在推荐系统中,我们往往需要同时预估多个目标(如点击、点赞、观看时长、评论等),最直接的做法是对每个目标各训练一个模型,但是这样做存在两个缺点:

  1. 资源开销大,后期需要维护多个模型,成本高
  2. 不同任务之间存在相关性,单独建模无法利用不同目标之间的相关性

 

share bottom建模

为了解决上面的问题,早期出现了上图(a)所示的share bottom的模型结构,share bottom不同模型共享底座,上面接不同的task tower预估不同的任务,这样就可以实现一个模型建模多个目标,且通过共享bottom的方式,让不同目标学习相关性,提高模型的泛化能力。

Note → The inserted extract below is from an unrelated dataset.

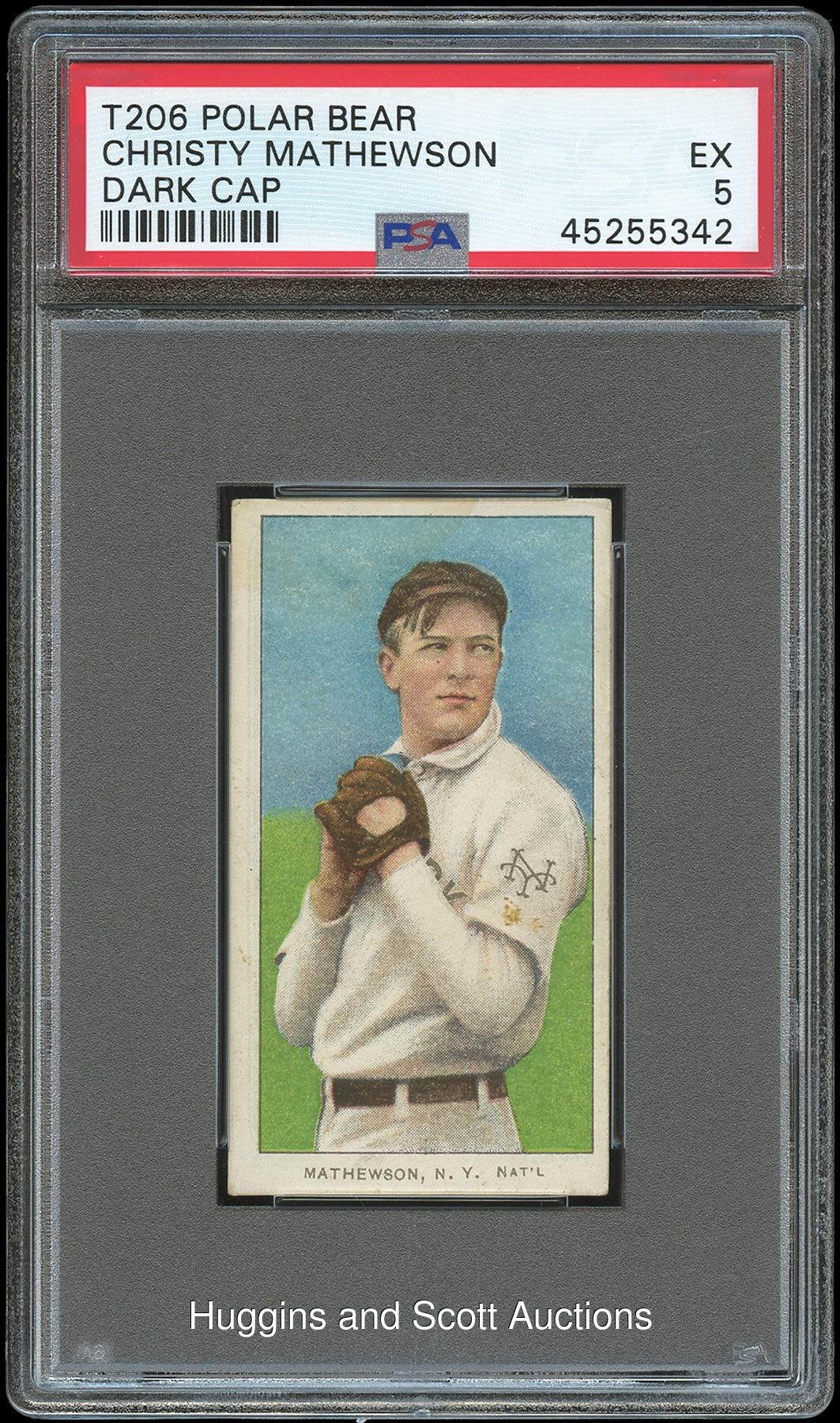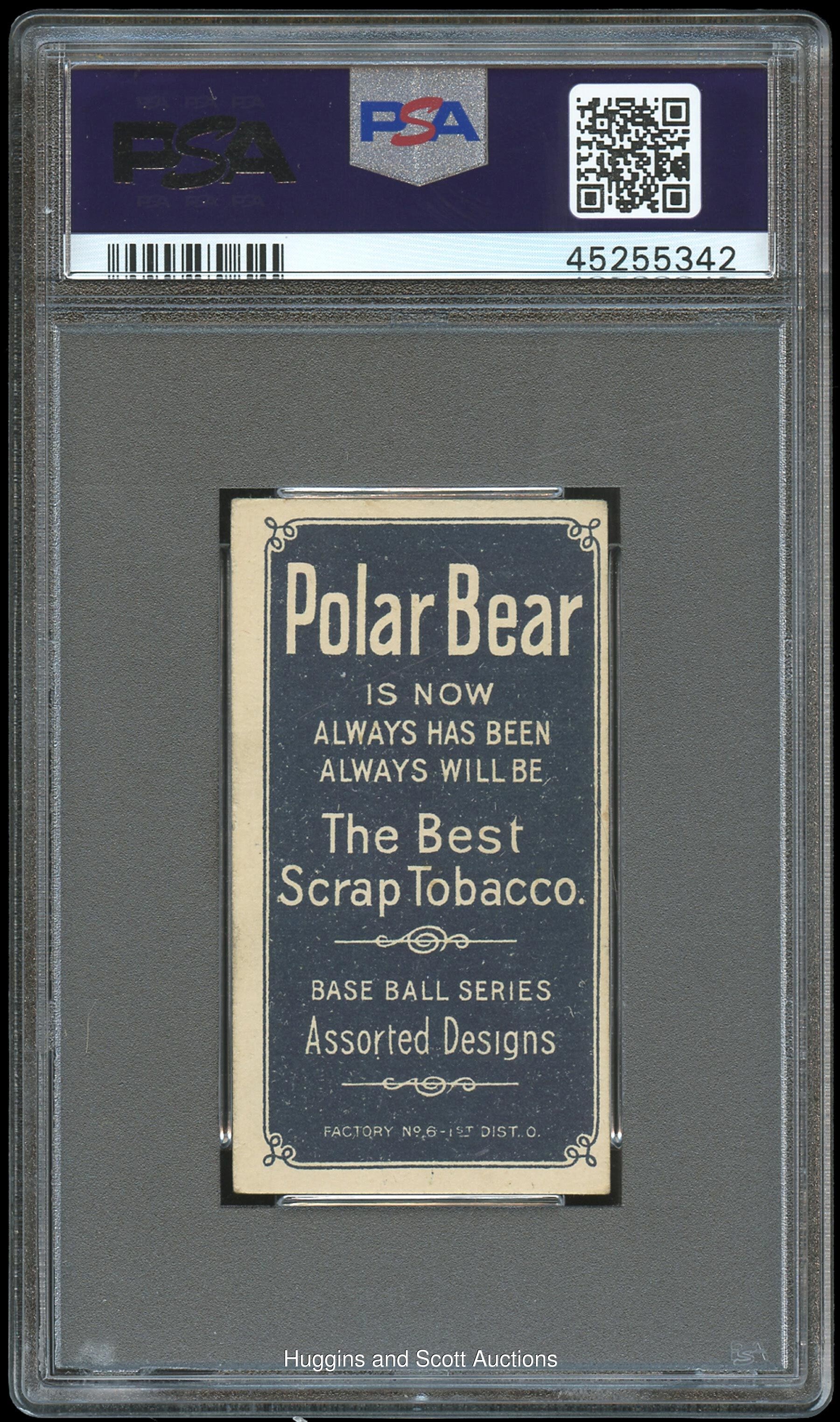 Graded EX 5 by PSA with a slightly tougher Polar Bear advertising back. The "Big Six" emerges victorious on the offered 1909-11 T206 White Borders (Dark Cap) pose. This crease-free tobacco card of the beloved Giant exhibits relatively strong corners and creamy edges. The illustration set against a soft pastel backdrop is attractive.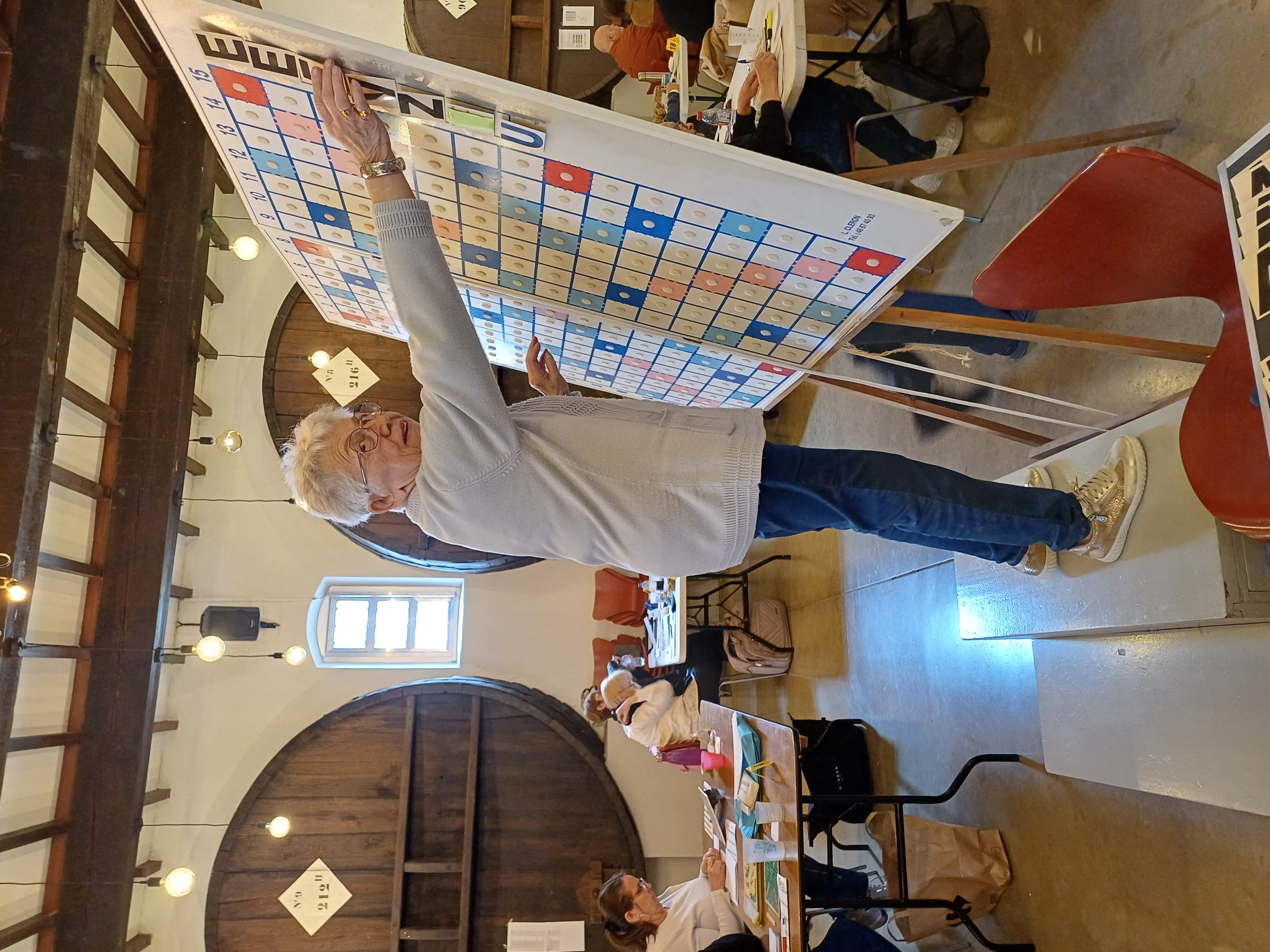 Ce sont sept arbitres et un tireur de partie, qui après les trois minutes de réflexion, énoncent la solution la meilleure. Une des joueuses explique : "Le plus important, ce n’est pas de trouver des mots très longs, mais de placer ses lettres de manière qu’elles rapportent le maximum de points. Non seulement au niveau des cases où on les dépose, mais en fonction aussi des mots qu’on crée en associant le mot qu’on pose à ceux qui sont en place. La stratégie est aussi importante sinon plus que le vocabulaire."

但是其也存在一些问题,那就是如果两个目标存在差异时,由于用的同一个bottom,训练时可能存在冲突,进而出现“跷跷板”现象,即迭代过程中出现一个任务指标涨了,另一个任务指标跌了

 

MMOE模型

为了解决“跷跷板”问题,这篇论文提出了MMOE模型(如上图(c)所示),MMOE底部由多个expert组成,每个任务会有gate去学习不同专家的权重,每个任务最终由不同专家网络的加权和组成

 

代码实现

import tensorflow as tf
from tensorflow.keras.layers import Input, Dense
from tensorflow.keras.models import Model
import numpy as np


# 定义专家网络
def expert_network(input_dim, expert_units):
    inputs = Input(shape=(input_dim,))
    x = Dense(expert_units, activation='relu')(inputs)
    return Model(inputs=inputs, outputs=x)


# 定义门控网络
def gate_network(input_dim, num_experts):
    inputs = Input(shape=(input_dim,))
    x = Dense(num_experts, activation='softmax')(inputs)
    return Model(inputs=inputs, outputs=x)


# 定义 MMOE 模型
def MMOE(input_dim, num_experts, expert_units, num_tasks):
    inputs = Input(shape=(input_dim,))
    experts = [expert_network(input_dim, expert_units) for _ in range(num_experts)]
    gates = [gate_network(input_dim, num_experts) for _ in range(num_tasks)]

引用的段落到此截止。